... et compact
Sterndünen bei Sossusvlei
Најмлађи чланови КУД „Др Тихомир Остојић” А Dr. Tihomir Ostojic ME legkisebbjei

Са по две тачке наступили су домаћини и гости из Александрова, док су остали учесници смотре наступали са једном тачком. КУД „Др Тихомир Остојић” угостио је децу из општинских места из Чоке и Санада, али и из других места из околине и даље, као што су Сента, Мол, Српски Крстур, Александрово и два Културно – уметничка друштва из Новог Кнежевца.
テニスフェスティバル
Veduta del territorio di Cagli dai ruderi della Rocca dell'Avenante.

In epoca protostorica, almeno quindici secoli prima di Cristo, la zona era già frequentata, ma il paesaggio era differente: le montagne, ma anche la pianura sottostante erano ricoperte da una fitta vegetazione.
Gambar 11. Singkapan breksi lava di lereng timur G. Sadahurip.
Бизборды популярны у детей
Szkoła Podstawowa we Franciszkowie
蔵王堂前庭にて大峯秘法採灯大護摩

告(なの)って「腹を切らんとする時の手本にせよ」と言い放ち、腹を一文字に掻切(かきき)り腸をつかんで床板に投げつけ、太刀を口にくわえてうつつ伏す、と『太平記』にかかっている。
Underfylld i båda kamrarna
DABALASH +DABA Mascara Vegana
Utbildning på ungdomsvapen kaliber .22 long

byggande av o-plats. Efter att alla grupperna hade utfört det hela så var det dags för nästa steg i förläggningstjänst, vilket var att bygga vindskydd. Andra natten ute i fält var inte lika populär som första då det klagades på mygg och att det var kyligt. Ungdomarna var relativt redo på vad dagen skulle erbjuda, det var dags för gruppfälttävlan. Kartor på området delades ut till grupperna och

■ ■ ■ ■ ■ ■ ■

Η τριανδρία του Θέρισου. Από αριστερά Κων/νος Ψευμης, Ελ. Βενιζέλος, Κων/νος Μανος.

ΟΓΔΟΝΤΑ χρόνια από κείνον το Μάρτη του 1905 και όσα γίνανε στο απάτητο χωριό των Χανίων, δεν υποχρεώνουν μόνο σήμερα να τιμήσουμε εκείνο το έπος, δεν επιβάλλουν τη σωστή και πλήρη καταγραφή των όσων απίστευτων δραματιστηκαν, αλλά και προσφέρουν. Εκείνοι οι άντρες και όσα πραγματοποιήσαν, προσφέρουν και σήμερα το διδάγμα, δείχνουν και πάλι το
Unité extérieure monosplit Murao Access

■ ■ ■ ■ ■ ■ ■

> _What the task requires_: Quote the listing above, but only from the line that shows "Gambar 11. Singkapan" through the line that shows "byggande av o-plats.".

> _Task answer_:
Gambar 11. Singkapan breksi lava di lereng timur G. Sadahurip.
Бизборды популярны у детей
Szkoła Podstawowa we Franciszkowie
蔵王堂前庭にて大峯秘法採灯大護摩

告(なの)って「腹を切らんとする時の手本にせよ」と言い放ち、腹を一文字に掻切(かきき)り腸をつかんで床板に投げつけ、太刀を口にくわえてうつつ伏す、と『太平記』にかかっている。
Underfylld i båda kamrarna
DABALASH +DABA Mascara Vegana
Utbildning på ungdomsvapen kaliber .22 long

byggande av o-plats. Efter att alla grupperna hade utfört det hela så var det dags för nästa steg i förläggningstjänst, vilket var att bygga vindskydd. Andra natten ute i fält var inte lika populär som första då det klagades på mygg och att det var kyligt. Ungdomarna var relativt redo på vad dagen skulle erbjuda, det var dags för gruppfälttävlan. Kartor på området delades ut till grupperna och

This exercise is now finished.